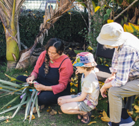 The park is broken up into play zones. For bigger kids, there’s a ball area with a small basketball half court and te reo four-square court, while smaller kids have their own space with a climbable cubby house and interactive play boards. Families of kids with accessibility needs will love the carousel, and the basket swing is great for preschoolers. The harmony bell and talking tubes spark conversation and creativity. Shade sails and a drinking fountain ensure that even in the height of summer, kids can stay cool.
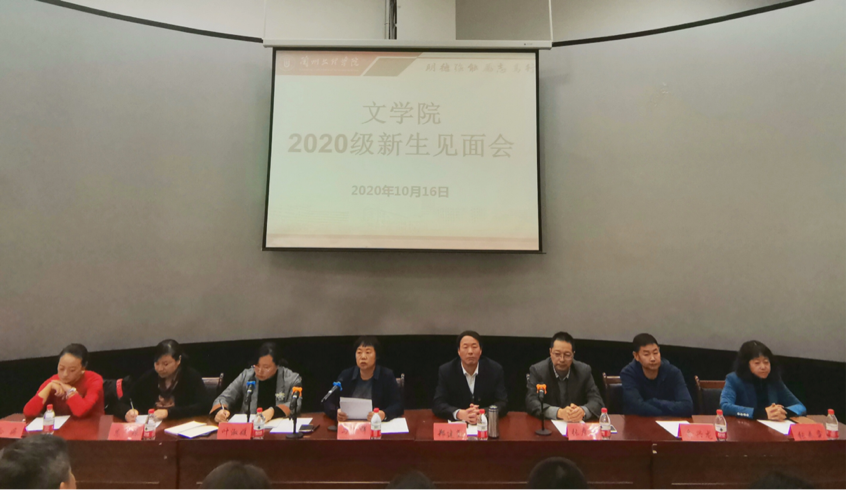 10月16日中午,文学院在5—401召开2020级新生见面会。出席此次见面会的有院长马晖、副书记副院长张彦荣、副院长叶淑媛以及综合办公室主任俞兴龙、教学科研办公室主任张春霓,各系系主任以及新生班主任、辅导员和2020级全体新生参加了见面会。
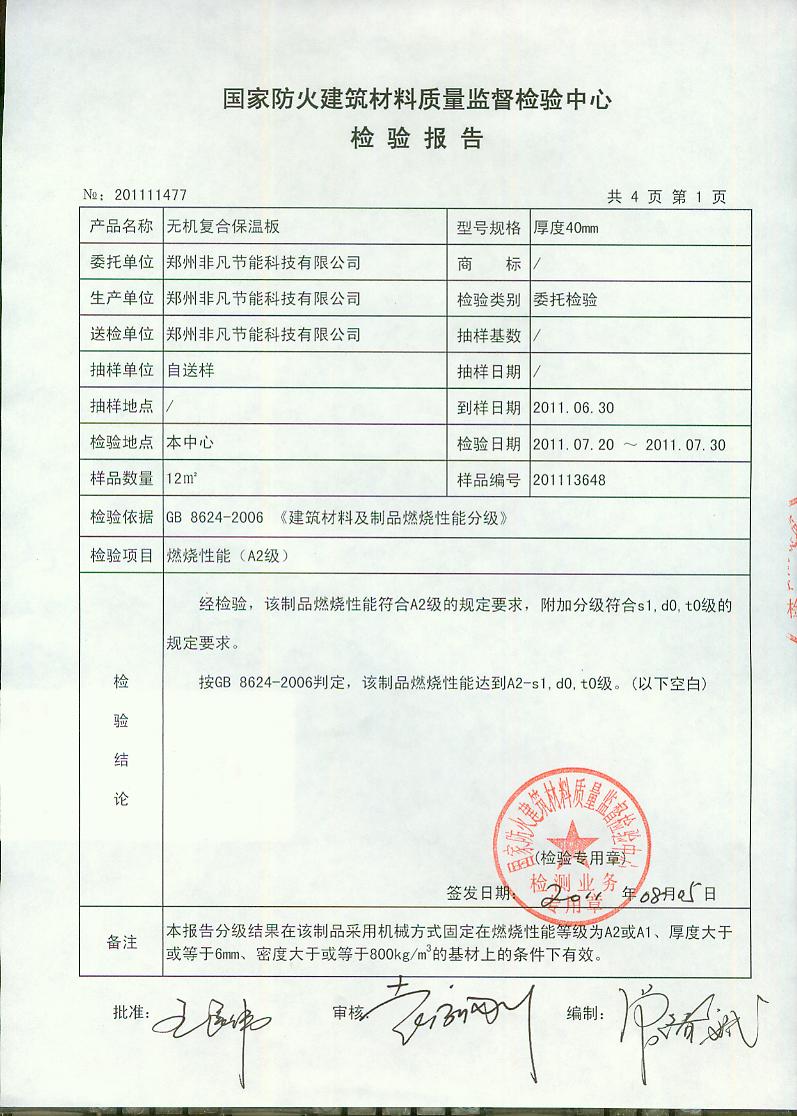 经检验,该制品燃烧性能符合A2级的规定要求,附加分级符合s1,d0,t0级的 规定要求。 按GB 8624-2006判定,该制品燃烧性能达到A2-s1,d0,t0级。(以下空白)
=======
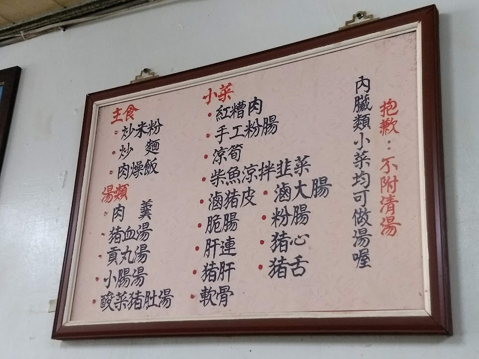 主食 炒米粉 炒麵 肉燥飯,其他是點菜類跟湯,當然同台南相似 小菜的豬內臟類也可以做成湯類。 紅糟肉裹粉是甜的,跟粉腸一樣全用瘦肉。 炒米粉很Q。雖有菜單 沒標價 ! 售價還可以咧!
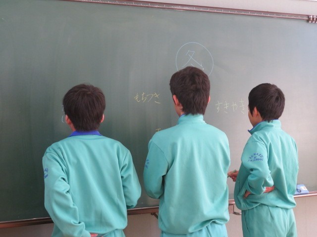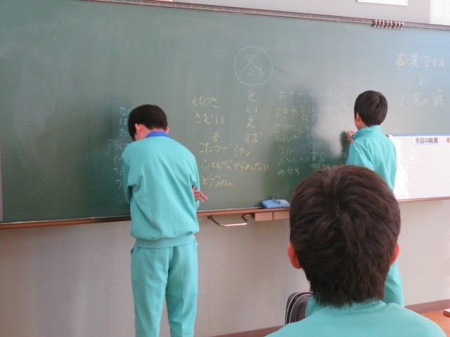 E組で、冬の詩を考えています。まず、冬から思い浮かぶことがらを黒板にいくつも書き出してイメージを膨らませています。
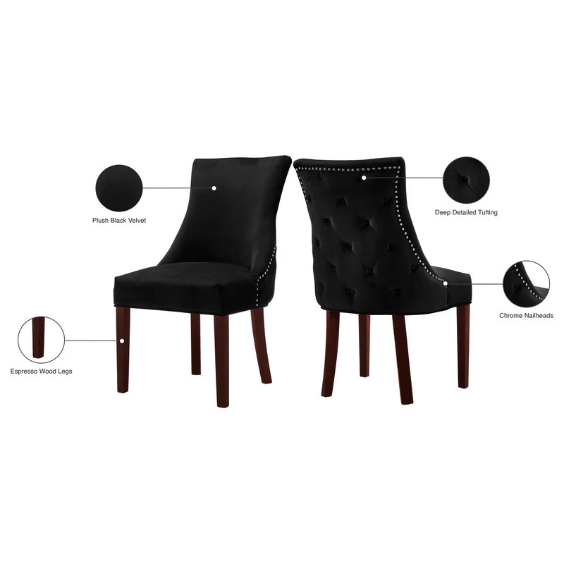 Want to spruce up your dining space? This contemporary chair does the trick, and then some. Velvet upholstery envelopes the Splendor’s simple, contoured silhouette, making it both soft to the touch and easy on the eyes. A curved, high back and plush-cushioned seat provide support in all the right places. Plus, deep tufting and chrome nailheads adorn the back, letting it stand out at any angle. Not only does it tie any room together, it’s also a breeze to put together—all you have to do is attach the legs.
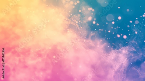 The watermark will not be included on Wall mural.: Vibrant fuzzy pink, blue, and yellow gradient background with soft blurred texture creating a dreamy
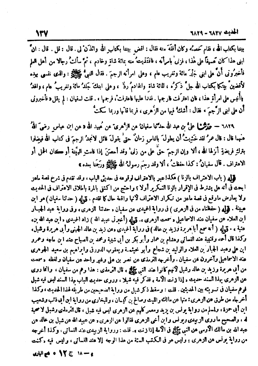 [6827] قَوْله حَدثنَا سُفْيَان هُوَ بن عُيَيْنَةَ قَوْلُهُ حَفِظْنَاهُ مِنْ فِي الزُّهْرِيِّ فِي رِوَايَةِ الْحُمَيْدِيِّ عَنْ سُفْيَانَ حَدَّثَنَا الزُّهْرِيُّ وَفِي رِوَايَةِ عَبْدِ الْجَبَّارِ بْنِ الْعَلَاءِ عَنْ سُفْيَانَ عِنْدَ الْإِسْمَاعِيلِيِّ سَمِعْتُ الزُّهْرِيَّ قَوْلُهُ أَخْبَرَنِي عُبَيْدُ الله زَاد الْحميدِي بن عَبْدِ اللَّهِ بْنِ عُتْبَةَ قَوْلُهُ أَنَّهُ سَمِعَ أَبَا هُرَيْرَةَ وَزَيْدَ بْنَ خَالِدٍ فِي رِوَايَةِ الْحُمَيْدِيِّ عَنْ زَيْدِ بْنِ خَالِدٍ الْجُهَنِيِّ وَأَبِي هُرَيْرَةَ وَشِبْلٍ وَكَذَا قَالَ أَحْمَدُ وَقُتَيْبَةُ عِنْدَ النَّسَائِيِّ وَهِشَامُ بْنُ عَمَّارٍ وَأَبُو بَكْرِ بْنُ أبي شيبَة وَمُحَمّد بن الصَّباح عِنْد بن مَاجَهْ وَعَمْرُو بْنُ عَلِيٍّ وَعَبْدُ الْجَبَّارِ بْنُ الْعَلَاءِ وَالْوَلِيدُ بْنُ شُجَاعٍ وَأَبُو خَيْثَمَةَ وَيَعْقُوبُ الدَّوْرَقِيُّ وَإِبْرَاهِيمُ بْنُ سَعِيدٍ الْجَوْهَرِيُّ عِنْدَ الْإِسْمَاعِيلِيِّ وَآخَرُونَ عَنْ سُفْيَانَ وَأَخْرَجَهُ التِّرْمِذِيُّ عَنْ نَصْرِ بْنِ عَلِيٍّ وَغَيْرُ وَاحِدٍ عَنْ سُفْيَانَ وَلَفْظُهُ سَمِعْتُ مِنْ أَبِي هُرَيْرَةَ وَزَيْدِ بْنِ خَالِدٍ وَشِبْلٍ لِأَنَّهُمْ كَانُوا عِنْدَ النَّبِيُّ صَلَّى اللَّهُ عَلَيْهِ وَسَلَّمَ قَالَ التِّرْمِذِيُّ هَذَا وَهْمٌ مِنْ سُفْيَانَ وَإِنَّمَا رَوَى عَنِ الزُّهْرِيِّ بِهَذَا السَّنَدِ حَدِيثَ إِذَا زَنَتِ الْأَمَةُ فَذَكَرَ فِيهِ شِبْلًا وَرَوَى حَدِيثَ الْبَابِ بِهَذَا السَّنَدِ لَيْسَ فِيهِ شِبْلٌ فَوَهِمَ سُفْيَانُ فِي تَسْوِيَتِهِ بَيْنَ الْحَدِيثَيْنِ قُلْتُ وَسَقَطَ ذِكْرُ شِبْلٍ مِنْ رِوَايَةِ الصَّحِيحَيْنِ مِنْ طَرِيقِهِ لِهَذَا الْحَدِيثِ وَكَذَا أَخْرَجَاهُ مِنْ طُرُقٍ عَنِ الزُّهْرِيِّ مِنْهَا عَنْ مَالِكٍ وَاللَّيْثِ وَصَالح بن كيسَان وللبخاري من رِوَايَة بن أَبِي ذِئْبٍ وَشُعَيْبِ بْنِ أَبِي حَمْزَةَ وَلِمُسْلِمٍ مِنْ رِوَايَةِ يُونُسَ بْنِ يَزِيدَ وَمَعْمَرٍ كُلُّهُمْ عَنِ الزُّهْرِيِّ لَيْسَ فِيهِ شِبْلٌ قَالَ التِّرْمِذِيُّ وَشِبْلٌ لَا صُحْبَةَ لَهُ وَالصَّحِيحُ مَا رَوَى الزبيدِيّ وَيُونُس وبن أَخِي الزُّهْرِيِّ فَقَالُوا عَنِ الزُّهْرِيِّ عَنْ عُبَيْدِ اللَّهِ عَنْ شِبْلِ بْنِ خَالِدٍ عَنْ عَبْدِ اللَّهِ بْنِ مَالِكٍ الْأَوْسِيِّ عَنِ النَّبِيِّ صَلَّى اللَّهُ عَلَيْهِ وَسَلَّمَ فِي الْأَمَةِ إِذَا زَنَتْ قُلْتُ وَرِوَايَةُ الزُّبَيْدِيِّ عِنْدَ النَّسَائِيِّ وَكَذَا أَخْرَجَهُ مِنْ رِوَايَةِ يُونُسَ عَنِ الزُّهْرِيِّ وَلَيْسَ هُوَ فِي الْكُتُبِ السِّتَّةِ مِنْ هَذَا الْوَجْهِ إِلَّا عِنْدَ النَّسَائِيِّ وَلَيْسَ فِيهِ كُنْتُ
=======
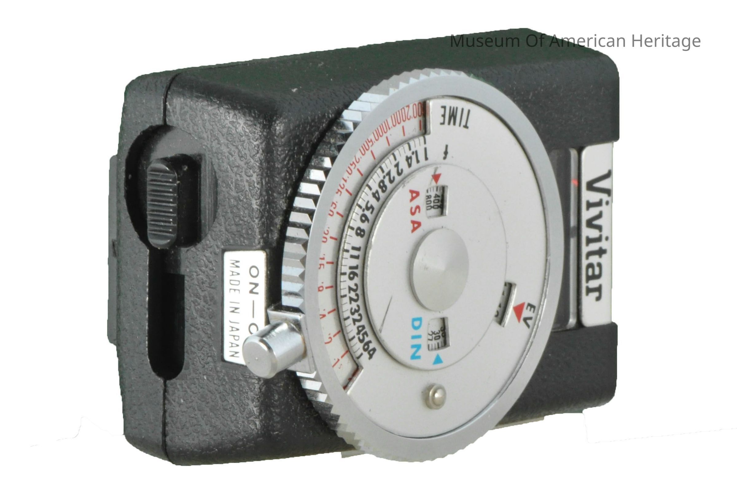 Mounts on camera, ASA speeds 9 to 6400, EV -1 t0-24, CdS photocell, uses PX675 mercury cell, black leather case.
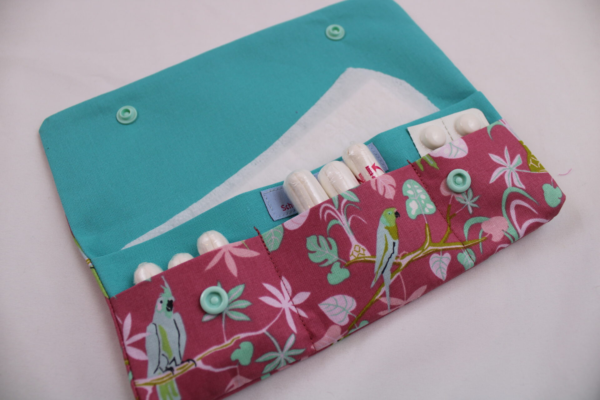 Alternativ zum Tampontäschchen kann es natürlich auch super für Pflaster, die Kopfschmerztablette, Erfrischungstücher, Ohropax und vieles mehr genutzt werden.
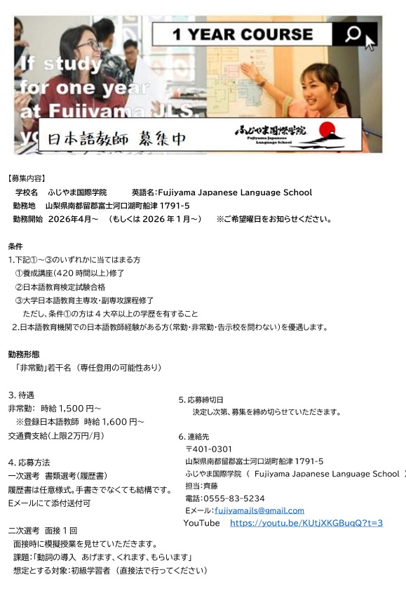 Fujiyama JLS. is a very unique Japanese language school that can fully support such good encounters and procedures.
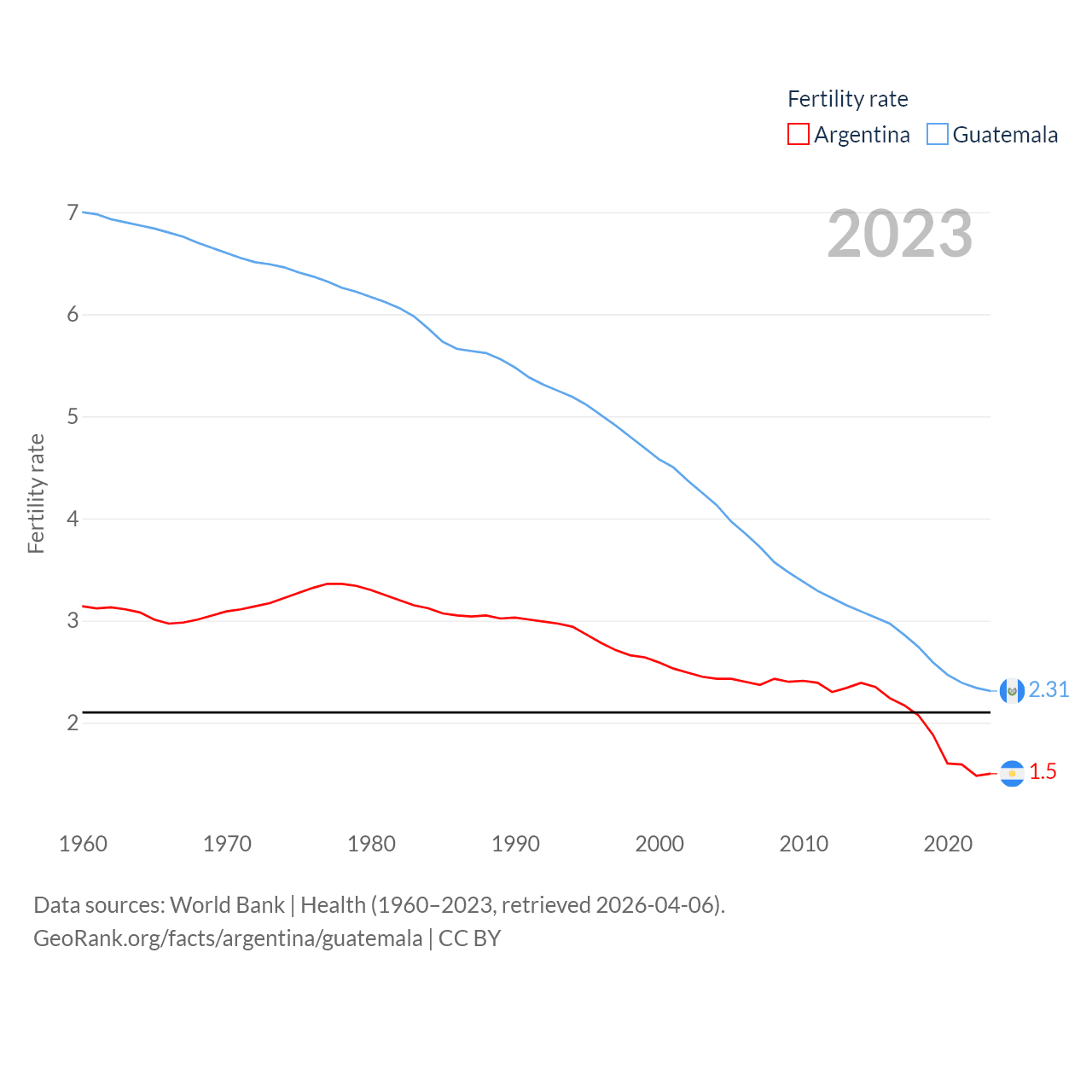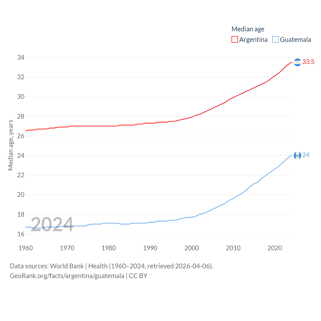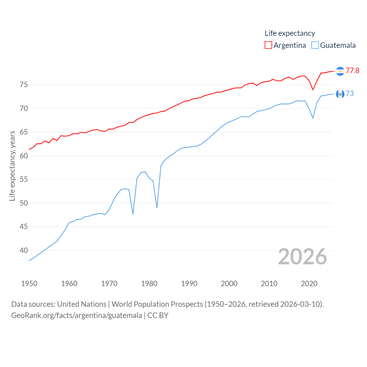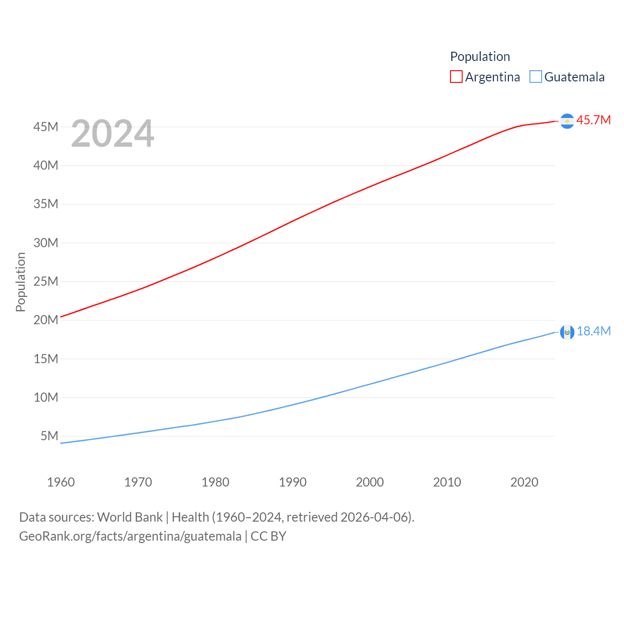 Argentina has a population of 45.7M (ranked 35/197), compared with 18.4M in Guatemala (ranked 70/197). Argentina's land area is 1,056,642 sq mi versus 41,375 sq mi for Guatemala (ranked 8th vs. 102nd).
=======
▶ **Task objective**
Transcribe, word for word, the lines of the listing above from the one that contains "Mounts on camera, ASA" through the one that contains "Argentina has a", keeping both ends and dropping the pictures.

▶ **Exercise result**
 Mounts on camera, ASA speeds 9 to 6400, EV -1 t0-24, CdS photocell, uses PX675 mercury cell, black leather case.
 Alternativ zum Tampontäschchen kann es natürlich auch super für Pflaster, die Kopfschmerztablette, Erfrischungstücher, Ohropax und vieles mehr genutzt werden.
 Fujiyama JLS. is a very unique Japanese language school that can fully support such good encounters and procedures.
 Argentina has a population of 45.7M (ranked 35/197), compared with 18.4M in Guatemala (ranked 70/197). Argentina's land area is 1,056,642 sq mi versus 41,375 sq mi for Guatemala (ranked 8th vs. 102nd).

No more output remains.